Continuing with the household example, in urban areas, it is common for many observations to be located at the same “place”, for example an apartment building with several units located at the same physical address (in some cases additional information such as floor level could be available, allowing 3D distance computations, but this is an unusually detailed case that also requires the actual floor layout of each building to be realistic…). In these cases, (i.e. with several coincident observations in space) certain graph-building rules like triangulation or k-nearest neighbors can become invalid when the relatioships between points are undefined, yielding, e.g. 10 nearest neighbors at exactly the same location when the user has requested a graph with k=5. How do we choose which 5 among the coincident 10 should be neighbors?

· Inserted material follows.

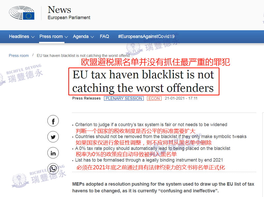 ?? 值得一提的是,在2021年1月21日,歐洲議會(huì)通過(guò)了一項(xiàng)決議,要求理事會(huì)和歐洲委員會(huì)改革歐盟稅收黑名單,并要求更新清單標(biāo)準(zhǔn)和采取更加協(xié)調(diào)一致的防御措施(更多細(xì)節(jié))。

…We dont. Instead, we offer two solutions that make the rule valid:
jitter introduces a small amount of random noise into each location, dispersing a set of coincident points into a small point cloud. This generates a valid topology that can be operated upon using the original construction rule. The tradeoff, here, is that the neighbor-set is stochastic and any two versions of a jittered Graph will likely have very different neighbors.
clique expands the graph internally, as necessary, so that the construction rule applies to each unique location rather than each unique observation. This effectively makes every coincident observation a neighbor with all other coincident observations, then proceeds with the normal construction rule. In other words, we operate on the subset of points for which the original construction rule is valid, then retroactively break the rule to reinsert the omitted observations back into their neighborhoods. In many cases, this can result in a “conceptually accurate” representation of the nighborhood (e.g. where units in the same apartment building are all considered neighbors), however the construction ‘rule’ will ultimately end up broken, which removes some of the desirable properties of certain graphs. For example, a KNN graph with 10 neighbors will now have variation, as some locations will have greater than 10 neighbors.